### ASSIGNMENT
From the first line to the last, copy the material exactly and leave the pictures out.

### GIVEN INFORMATION
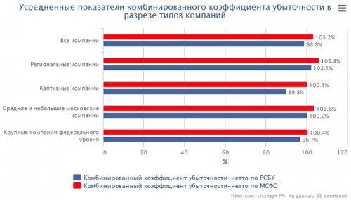 Скрытые риски: средняя убыточность по МФСО на 4,4 п.п. выше чем по РСБУ. Так, усредненный показатель комбинированного коэффициента убыточности по РСБУ с учетом суброгации в 2012 году составил 98,8%1. Аналогичный показатель по МСФО был равен 103,2%. Резервы по РСБУ рассчитываются в соответствии с приказами Минфина, тогда как резервы по МСФО определяются более точно, в том числе на основе внутренних актуарных моделей. Таким образом, реальные страховые риски российских страховщиков выше, чем это видится из отчетности по РСБУ. При этом наиболее заметные отличия имеют кэптивные компании (89,9% по РСБУ, 100,1% по МСФО), специализирующиеся на ДМС и страховании имущества юридических лиц.
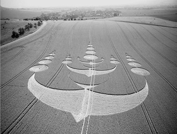 Somehow, in some people's heads, the mystery of crop circles--those beautiful geometric impressions supposedly made by extraterrestrial crop-ruining technology--remains ... well, mysterious. Apparently, large-scale design projects can only be achieved by some higher form of intelligence capable of comprehending strange, otherworldly science known as "geometry." Humans have yet to understand geometry's inner workings, which is why freeway cloverleaf interchanges and city grids are all designed and created by staff aliens working for CALTRANS. Right? Right.
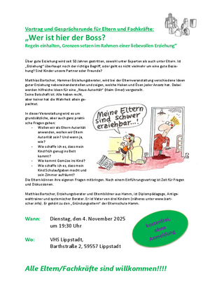 "Wer ist hier der Boss? Regeln einhalten, Grenzen setzen im Rahmen einer liebevollen Erziehung".

### YOUR RESPONSE
 Скрытые риски: средняя убыточность по МФСО на 4,4 п.п. выше чем по РСБУ. Так, усредненный показатель комбинированного коэффициента убыточности по РСБУ с учетом суброгации в 2012 году составил 98,8%1. Аналогичный показатель по МСФО был равен 103,2%. Резервы по РСБУ рассчитываются в соответствии с приказами Минфина, тогда как резервы по МСФО определяются более точно, в том числе на основе внутренних актуарных моделей. Таким образом, реальные страховые риски российских страховщиков выше, чем это видится из отчетности по РСБУ. При этом наиболее заметные отличия имеют кэптивные компании (89,9% по РСБУ, 100,1% по МСФО), специализирующиеся на ДМС и страховании имущества юридических лиц.
 Somehow, in some people's heads, the mystery of crop circles--those beautiful geometric impressions supposedly made by extraterrestrial crop-ruining technology--remains ... well, mysterious. Apparently, large-scale design projects can only be achieved by some higher form of intelligence capable of comprehending strange, otherworldly science known as "geometry." Humans have yet to understand geometry's inner workings, which is why freeway cloverleaf interchanges and city grids are all designed and created by staff aliens working for CALTRANS. Right? Right.
 "Wer ist hier der Boss? Regeln einhalten, Grenzen setzen im Rahmen einer liebevollen Erziehung".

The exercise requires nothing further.